The output must match the lines from the first line of the listing below through the line holding "Παγίδα αποτελούν και" exactly and must contain no pictures.

→ DATA BELOW
####################
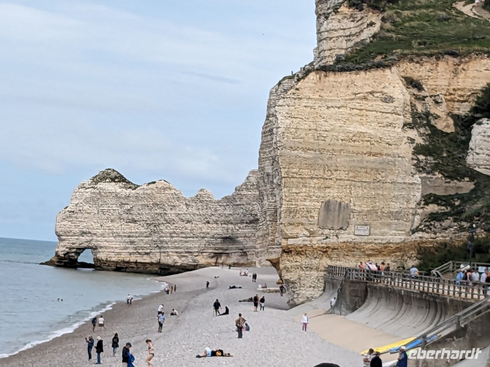Der Nachmittag begann mit der Fahrt in Richtung Küste. In Ètretat, dem für seine Felsformationen berühmten normannischen Seebad, das schon viele Künstler, insbesondere Literaten wie Maupassant oder Flaubert angelockt hatte. Nach kurzem Spaziergang erreichten wir die Schotterküste von der aus sich der Blick auf die wundersamen, von der Natur geschaffenen Formen der Kreidefelsen, die an Elefanten erinnern, richtete.
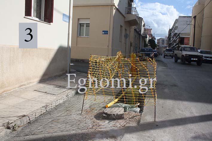 Παγίδα αποτελούν και τα ανοιχτά φρεάτια στην οδό Κατσικογιάννη, έξω από το 1ο Λύκειο (φωτό 3). Η προστασία για τους πεζούς είναι υποτειπώδης και μάλιστα σε ένα σημείο από το οποίο περνούν καθημερινά εκατοντάδες μαθητές.
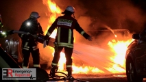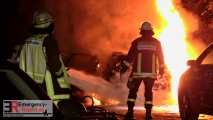 Die Feuerwehr Düsseldorf wurde am 13.10.2017 gegen 02:35 Uhr zu einem Brandeinsatz auf die Ziegelstraße alarmiert. Beim Eintreffen der Feuerwehr brannten zwei Autos in voller Ausdehnung.
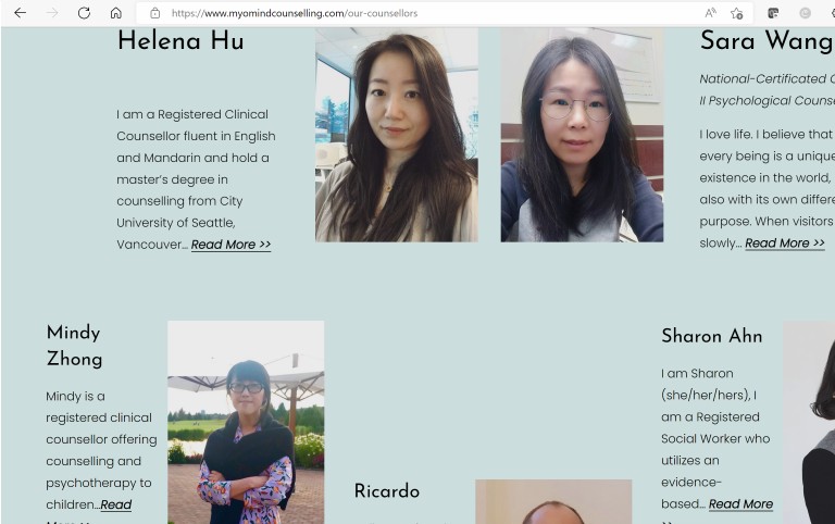 We are all at one point looking for the key to a path/door/solution or someone in our lives. We know it could feel lonely to walk the journey alone. You don’t have to. We would like to be your company to find the key or just be there for you. Maybe the key is within you. MyOMind counselling is based in the beautiful British Columbia in Canada. With years of experience and a heart for care, our counselling team will provide you with a safe place to share, discover yourself and grow. 我们的服务理念是:尊重关注每一位来访者,提供专业的咨询体验。 我们的服务领域是:婚姻情感,个人成长,一般心理问题咨询、青少年心理、亲子咨询、职业心理辅导、团体心理辅导、育儿课程、婚前指导课程等
####################
→ EXERCISE OUTPUT
Der Nachmittag begann mit der Fahrt in Richtung Küste. In Ètretat, dem für seine Felsformationen berühmten normannischen Seebad, das schon viele Künstler, insbesondere Literaten wie Maupassant oder Flaubert angelockt hatte. Nach kurzem Spaziergang erreichten wir die Schotterküste von der aus sich der Blick auf die wundersamen, von der Natur geschaffenen Formen der Kreidefelsen, die an Elefanten erinnern, richtete.
 Παγίδα αποτελούν και τα ανοιχτά φρεάτια στην οδό Κατσικογιάννη, έξω από το 1ο Λύκειο (φωτό 3). Η προστασία για τους πεζούς είναι υποτειπώδης και μάλιστα σε ένα σημείο από το οποίο περνούν καθημερινά εκατοντάδες μαθητές.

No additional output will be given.